WORK REQUEST: Please restate the records that follow exactly, skipping their images.

DATASET CONTENT:
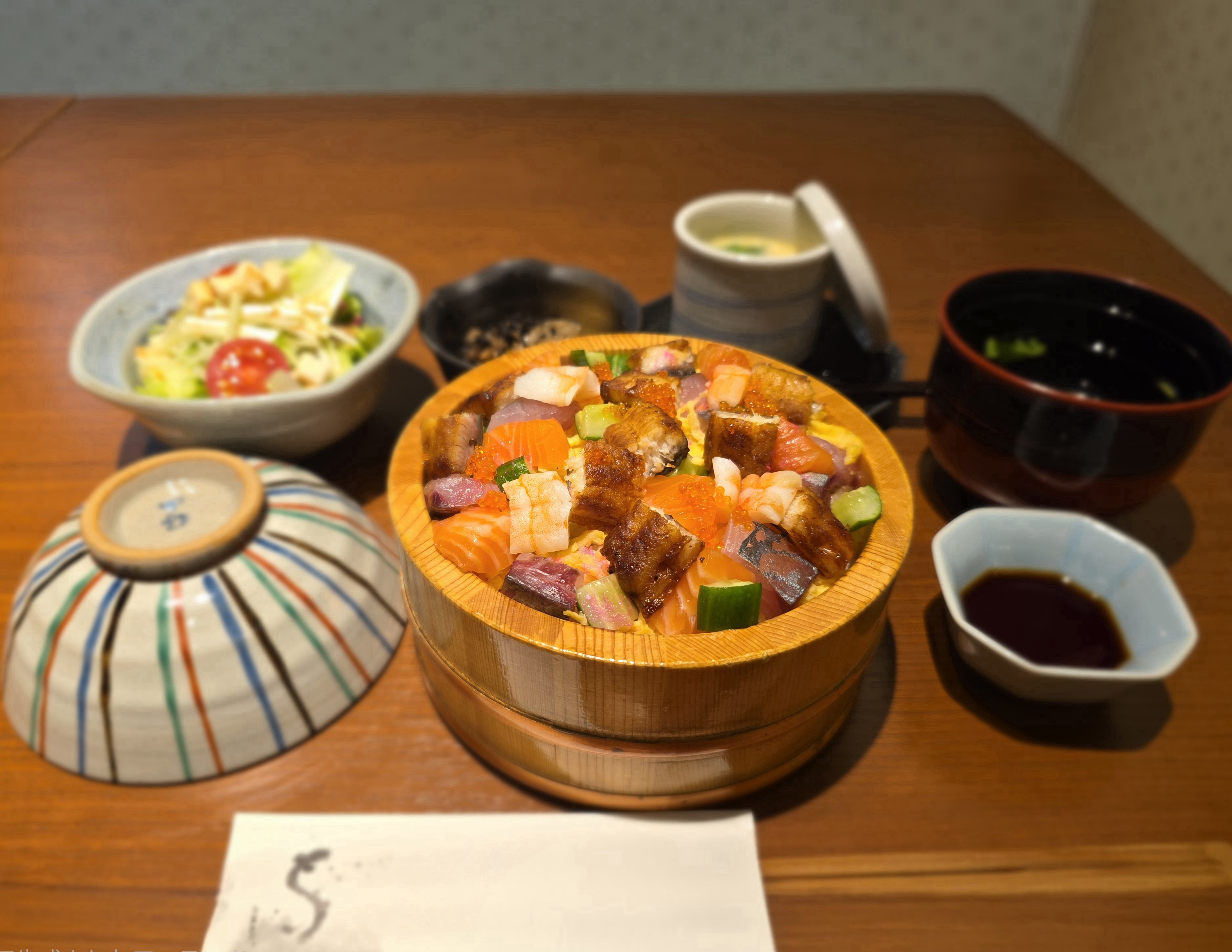 メニュー内容:ミニサラダ、小鉢、茶碗蒸し、吸い物、うなぎちらし
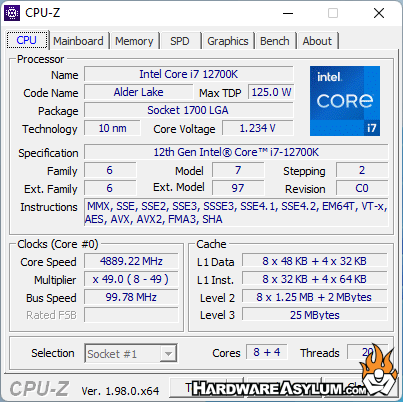 Intel Core i7 12700k (3.2Ghz) Sixteen Core 12+12 32KB L2 Cache 9+9 x 1.25MB L3 Cache 25MB
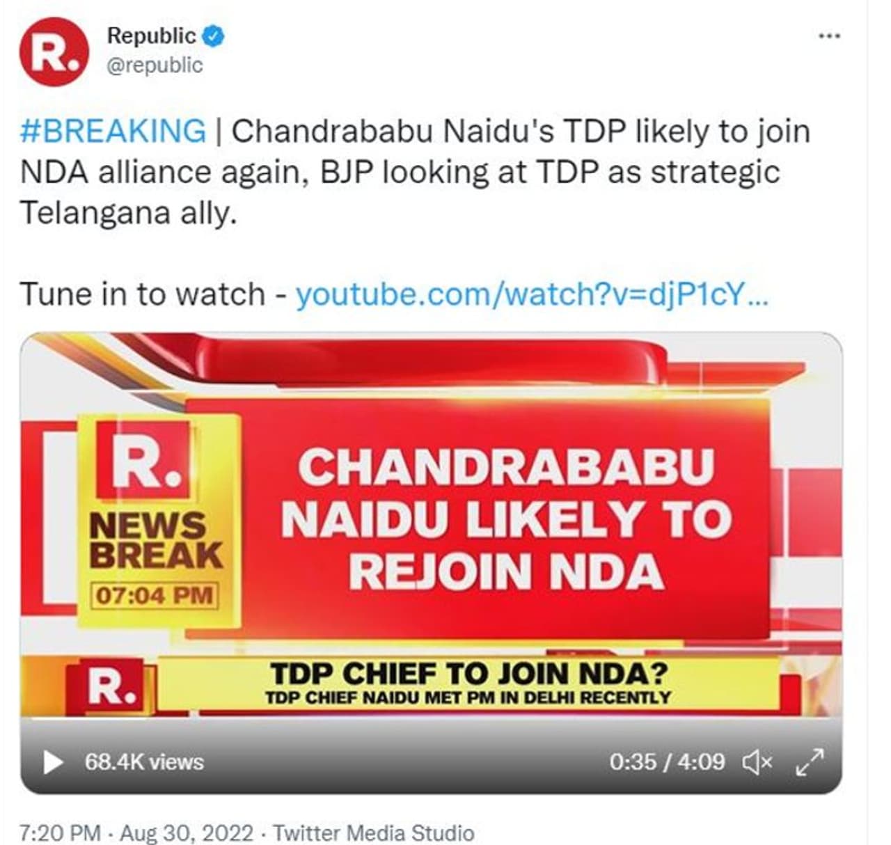 ఇదిలా ఉంటే.. తెలంగాణలో కేసీఆర్ బీజేపీపై తీవ్ర విమర్శలు చేస్తున్న సంగతి తెలిసిందే. బీజేపీపై పోరాడేందుకు విపక్షాల మద్దతు కూడగట్టేందుకు ఆయన ప్రయత్నాలు చేస్తున్నారు. మరోవైపు బీజేపీ మాత్రం తెలంగాణలో అధికారమే లక్ష్యంగా పావులు కదుపుతుంది. ఈ క్రమంలోనే రెండు తెలుగు రాష్ట్రాల్లో టీడీపీతో పొత్తు బీజేపీ పెట్టుకోవాలని భావిస్తుందనే సోషల్ మీడియాలో ప్రచారం సాగుతుంది. ‘‘టీడీపీతో పొత్తు పెట్టుకుంటే.. ఆ పార్టీకి తెలంగాణలో ఉన్న కొద్దిపాటి ఓటు బ్యాంక్, హైదరాబాద్, ఉమ్మడి రంగారెడ్డి జిల్లాల్లో సెటిలర్లలో టీడీపీ మద్దతుదారులను తమవైపు తిప్పుకొవచ్చని బీజేపీ చూస్తుంది. అలాగే ఏపీలో లోక్సభ స్థానాలకు బీజేపీ అభ్యర్థులకు కేటాయించేలా టీడీపీతో పొత్తుకు బీజేపీ ఆలోచన చేస్తుంది. గత ఎన్నికల్లో ఓటమితో ఘోర పరాభం చవిచూసిన టీడీపీ.. రానున్న అసెంబ్లీ ఎన్నికల్లో ఎలాగైనా అధికారం చేజిక్కుంచుకోవాలని చూస్తుంది. ఇందుకోసం బీజేపీతో జత కట్టేందుకు తెర వెనక ప్రయత్నాలు చేస్తుంది’’ అనేది సోషల్ మీడియాతో సాగుతున్న ప్రచారం సారాంశం. ఇక, ఇలాంటి సమయంలో రిపబ్లిక్ చానల్ నుంచి ఎన్డీయేలో తెలుగు దేశం పార్టీ మళ్లీ చేరబోతుందనే కథనం వెలువడటం ఇప్పుడు హాట్ టాపిక్గా మారింది.
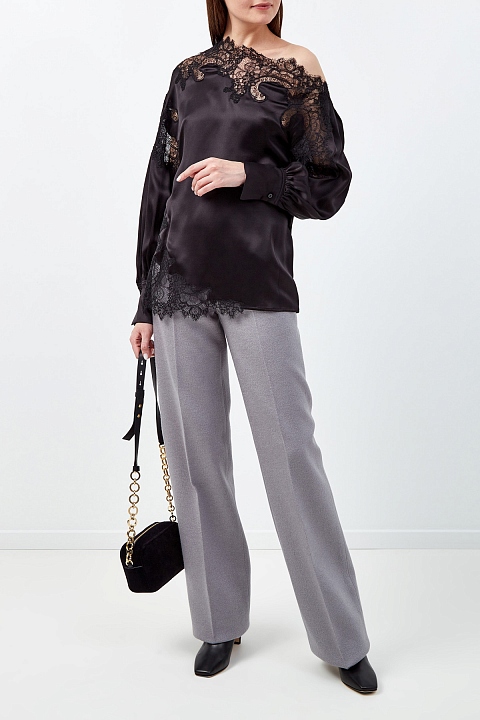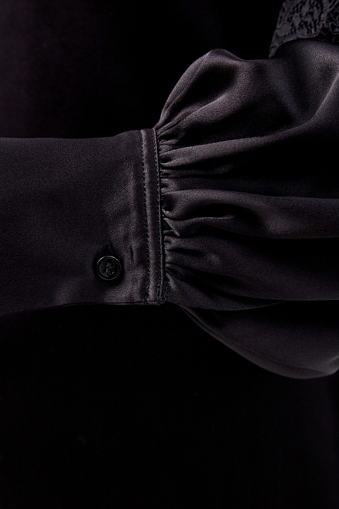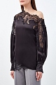 Блуза прямого кроя от Ermanno Scervino полностью выполнена из шелкового атласа. Вставки из кружева ручной работы — ключевой элемент ДНК Модного дома. Однотонный черный цвет подчеркивает блестящую фактуру материала. Пышные цельнокроеные рукава с высокими манжетами придают образу нотку аристократического шика. Детали: открытая линия плеч, асимметричный нижний край. Сделано в Италии.
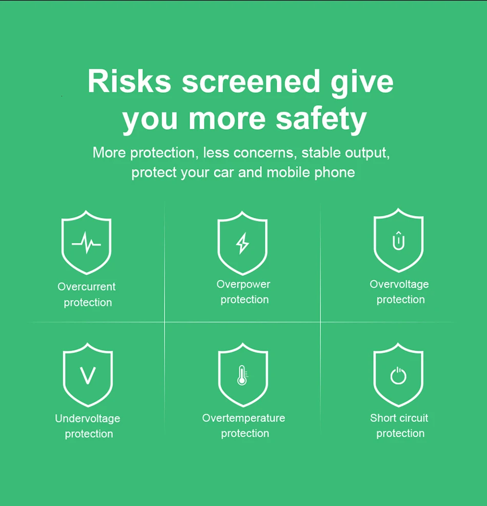 Примечание: при одновременной зарядке 2 порта Выход автомобильного зарядного устройства будет составлять 5 В, что не поддерживает быструю зарядку.
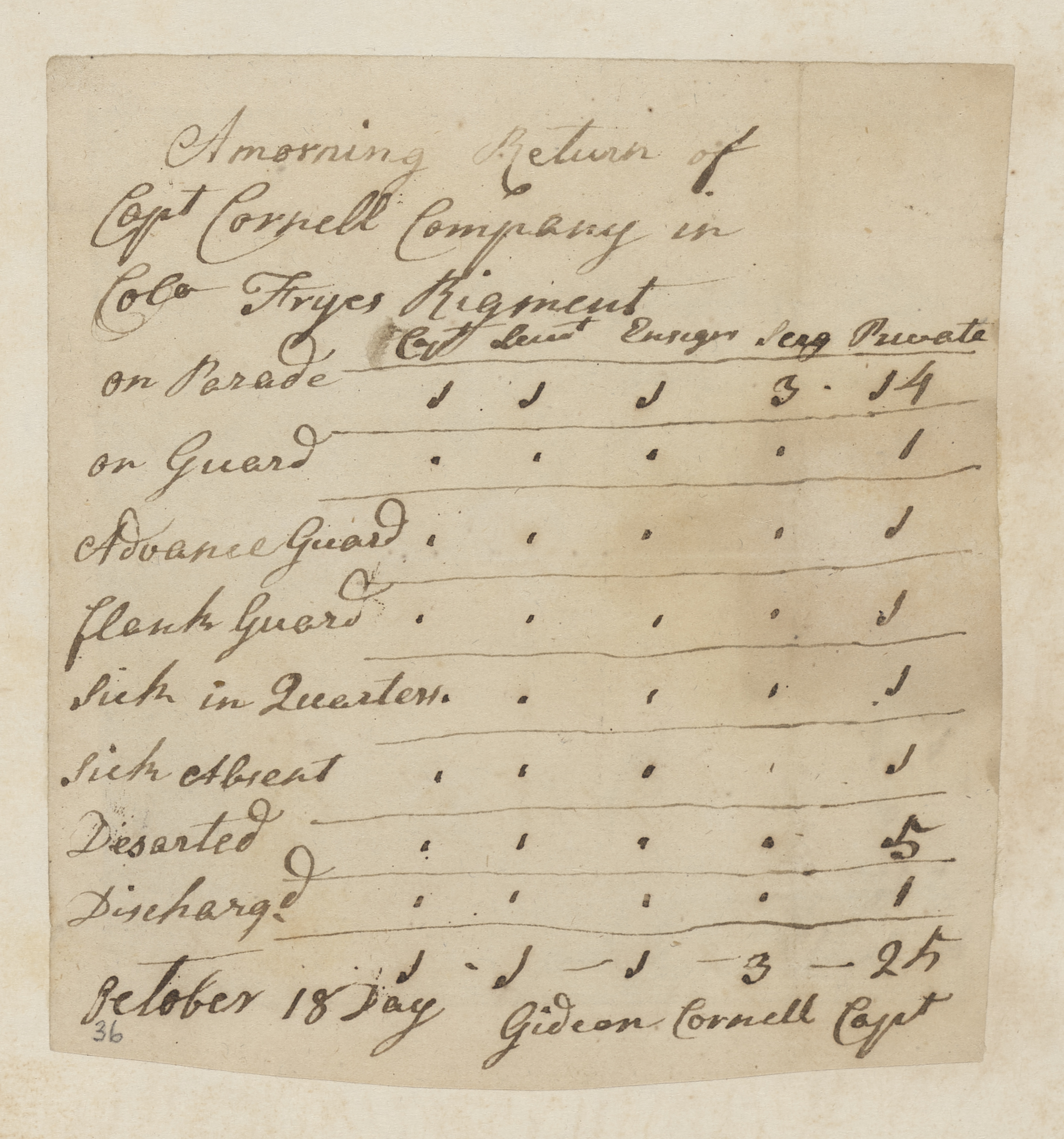 Morning return of Captain Gideon Cornell’s Company, Colonel Richard Fry’s Regiment, Tiverton, 18 October 1777

SOLUTION TO THE EXERCISE:
 メニュー内容:ミニサラダ、小鉢、茶碗蒸し、吸い物、うなぎちらし
 Intel Core i7 12700k (3.2Ghz) Sixteen Core 12+12 32KB L2 Cache 9+9 x 1.25MB L3 Cache 25MB
 ఇదిలా ఉంటే.. తెలంగాణలో కేసీఆర్ బీజేపీపై తీవ్ర విమర్శలు చేస్తున్న సంగతి తెలిసిందే. బీజేపీపై పోరాడేందుకు విపక్షాల మద్దతు కూడగట్టేందుకు ఆయన ప్రయత్నాలు చేస్తున్నారు. మరోవైపు బీజేపీ మాత్రం తెలంగాణలో అధికారమే లక్ష్యంగా పావులు కదుపుతుంది. ఈ క్రమంలోనే రెండు తెలుగు రాష్ట్రాల్లో టీడీపీతో పొత్తు బీజేపీ పెట్టుకోవాలని భావిస్తుందనే సోషల్ మీడియాలో ప్రచారం సాగుతుంది. ‘‘టీడీపీతో పొత్తు పెట్టుకుంటే.. ఆ పార్టీకి తెలంగాణలో ఉన్న కొద్దిపాటి ఓటు బ్యాంక్, హైదరాబాద్, ఉమ్మడి రంగారెడ్డి జిల్లాల్లో సెటిలర్లలో టీడీపీ మద్దతుదారులను తమవైపు తిప్పుకొవచ్చని బీజేపీ చూస్తుంది. అలాగే ఏపీలో లోక్సభ స్థానాలకు బీజేపీ అభ్యర్థులకు కేటాయించేలా టీడీపీతో పొత్తుకు బీజేపీ ఆలోచన చేస్తుంది. గత ఎన్నికల్లో ఓటమితో ఘోర పరాభం చవిచూసిన టీడీపీ.. రానున్న అసెంబ్లీ ఎన్నికల్లో ఎలాగైనా అధికారం చేజిక్కుంచుకోవాలని చూస్తుంది. ఇందుకోసం బీజేపీతో జత కట్టేందుకు తెర వెనక ప్రయత్నాలు చేస్తుంది’’ అనేది సోషల్ మీడియాతో సాగుతున్న ప్రచారం సారాంశం. ఇక, ఇలాంటి సమయంలో రిపబ్లిక్ చానల్ నుంచి ఎన్డీయేలో తెలుగు దేశం పార్టీ మళ్లీ చేరబోతుందనే కథనం వెలువడటం ఇప్పుడు హాట్ టాపిక్గా మారింది.
 Блуза прямого кроя от Ermanno Scervino полностью выполнена из шелкового атласа. Вставки из кружева ручной работы — ключевой элемент ДНК Модного дома. Однотонный черный цвет подчеркивает блестящую фактуру материала. Пышные цельнокроеные рукава с высокими манжетами придают образу нотку аристократического шика. Детали: открытая линия плеч, асимметричный нижний край. Сделано в Италии.
 Примечание: при одновременной зарядке 2 порта Выход автомобильного зарядного устройства будет составлять 5 В, что не поддерживает быструю зарядку.
 Morning return of Captain Gideon Cornell’s Company, Colonel Richard Fry’s Regiment, Tiverton, 18 October 1777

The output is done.